В 1941 году на празднике, посвященном пятилетнему юбилею шахматного клуба киевского Дома пионеров, Мария Давидовна с уверенностью говорила: из сына вырастет достойный гражданин СССР (муж уже три с половиной года в лагере, но ошибки ведь случаются всегда).
И отец, и мать Дэвика придерживались распространенной тогда точки зрения, что товарищ Сталин не знает всего. В декабре 1949 года Дэвик выиграл блиц-турнир в честь 70-летия вождя и вспоминал, как отец был счастлив, когда он отдал ему приз – часы с выгравированным на них дорогим именем.
В лагере Иона Бронштейн голодал, заболел цингой, потерял глаз, но выжил и был сактирован. Получив ограничение на проживание в больших городах, поселился в подмосковном Подольске, но при первой возможности явился с лагерной котомкой в Москву, прямиком в Киевскую гостиницу к своему знаменитому уже сыну, игравшему в первенстве Советского Союза по шахматам.
(Любопытно, что в Подольске одно время мельницей заведовал другой Бронштейн – отец одного из вождей Октября Льва Давидовича Троцкого, но это было, понятно, еще в самом начале двадцатых годов).
Годы, проведенные в лагере, не изменили характер Ионы Борисовича: во время матча Дэвика на мировое первенство с Ботвинником в 1951 году он не раз приезжал в Москву, присутствовал на партиях матча и на собраниях тренерского штаба сына.
Мог вспылить, сказать секундантам Дэвика в присутствии высоких динамовских чинов: глупостями вы все занимаетесь и, хлопнув дверью, выйти из комнаты.
Выпив водки, становился говорлив, не обращая внимание в какой компании находится. Дэвик вспоминал, что отец, любитель поговорить и поспорить, мог затеять разговор – «а вот у нас в лагере…» – не замечая тревожные взгляды, которые бросала на него жена.
В последние годы жизни Иона Бронштейн порой заговаривался, нес бог весть что и некоторое время провел в психиатрической больнице имени Кащенко.

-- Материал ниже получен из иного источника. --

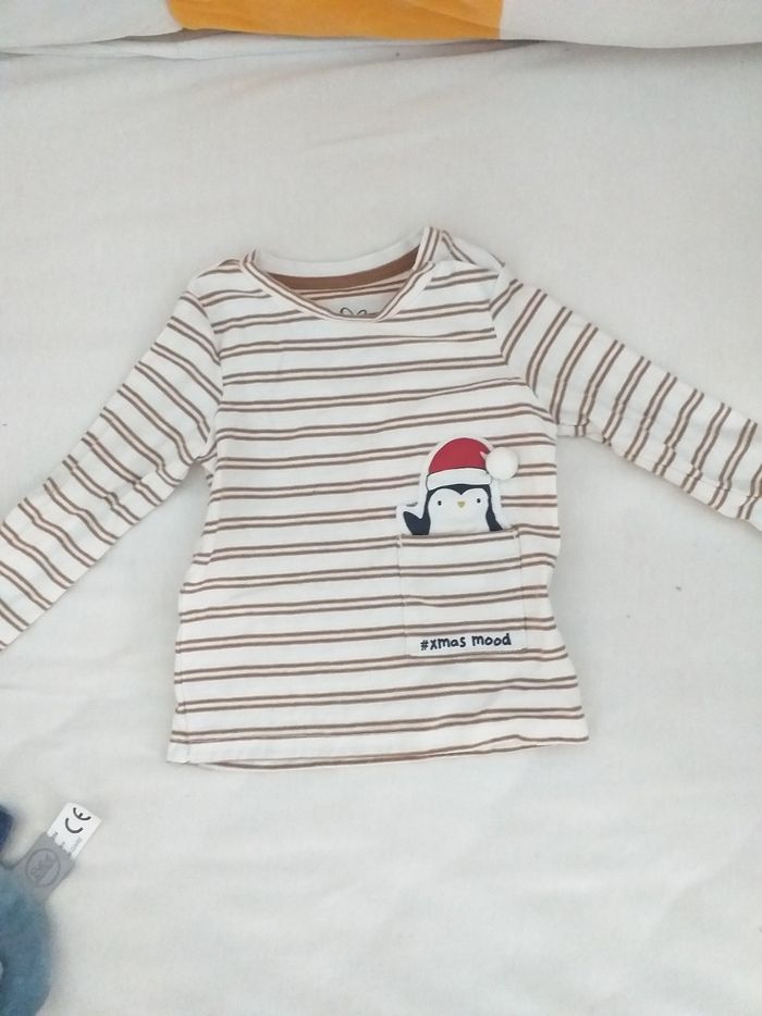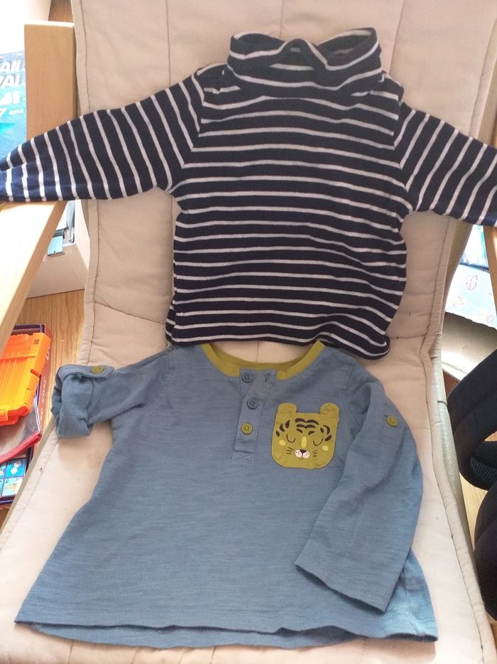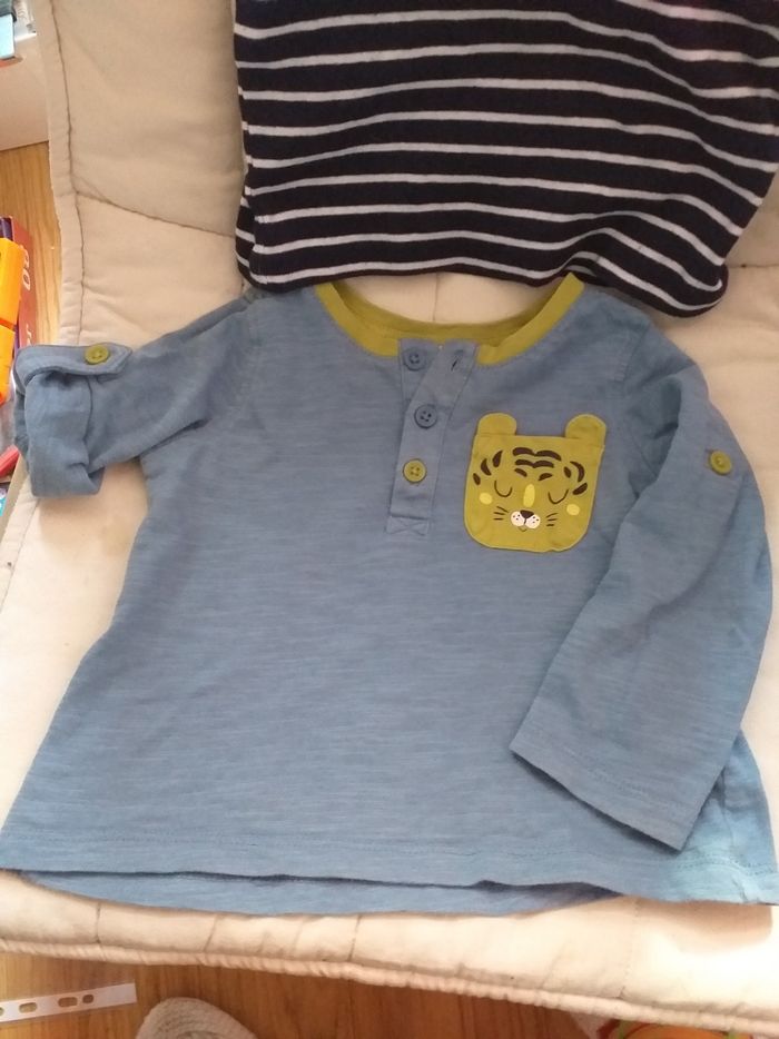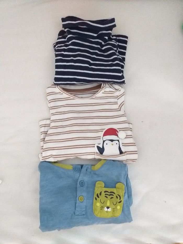 Lot de 2 hauts DPAM. Un col roulé et un tee-shirt manches longues mais qu'on peut retrousser pour faire des manches 3/4. + un haut C&A à rayures et manches longues. Taille: 74 cm ou 12 mois En très bon état.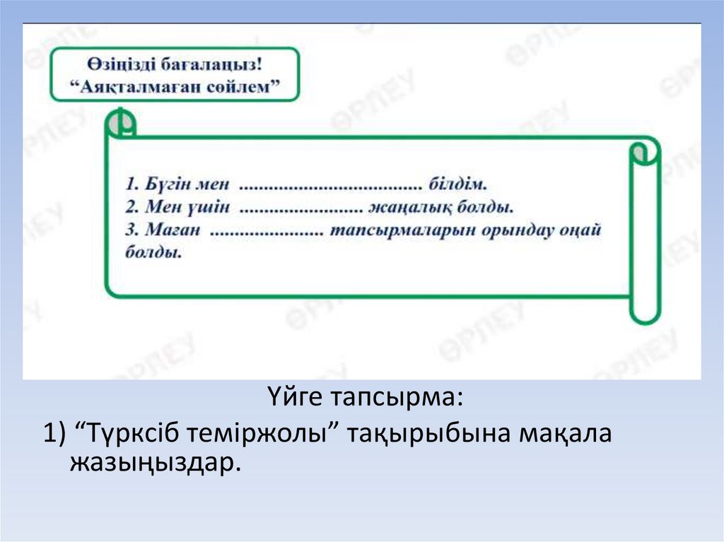 Үйге тапсырма:1) “Түрксіб теміржолы” тақырыбына мақала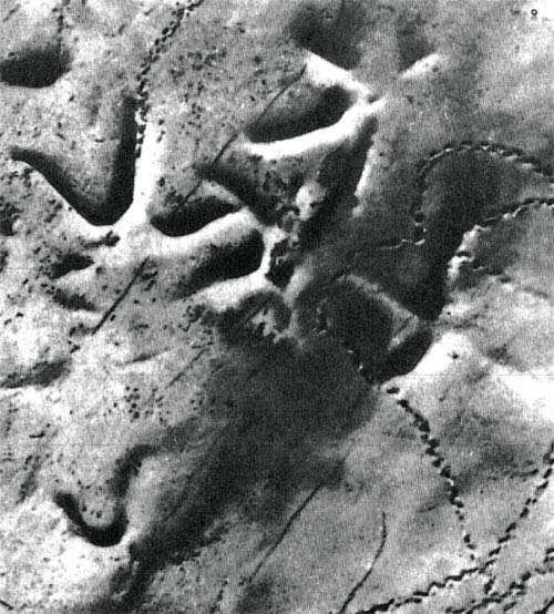 Еще один вид ископаемых остатков, никогда не содержавших органического вещества, - это отпечатки следов (фото 17). Из них сохраняются только те следы, которые были перекрыты тонкими отложениями, прежде чем их успела разрушить эрозия. Иногда даже крохотные следы мелких насекомых (фото 18), а также отпечатки дождевых капель сохраняются очень отчетливо. Такие отпечатки не просто редкость. Они содержат информацию о размере животного, длине конечностей, наличии когтей, копыт и т.д., а также о том, как передвигалось это животное - тягами, бегом иди прыжками. Другой, на первый взгляд странный, но надежный источник сведений - это окаменевшие экскременты животных. Изучение их тонких срезов под микроскопом помогает определить, какую пищу употребляли животные, и неопровержимо свидетельствует о том, что некоторые из них были каннибалами. Они питались животными того же вида.

Не думаю, что это было расправой: в советских психушках сидели люди с диагнозом «мания правдоискательства», но это было уже позже, в 60–70-х годах, в начале же 50-х о наказаниях такого рода и не слыхивали: к любителям «поговорить» применяли более радикальные меры.
В течение всей жизни Иона Борисович Бронштейн был правдоискателем и духоборцем – черты, легко обнаруживаемые и у его единственного сына. Только для отца, жившего в более суровое время, государство отпустило семь лет лагеря, а по отношению к знаменитому гроссмейстеру ограничилось административными санкциями и репримандами.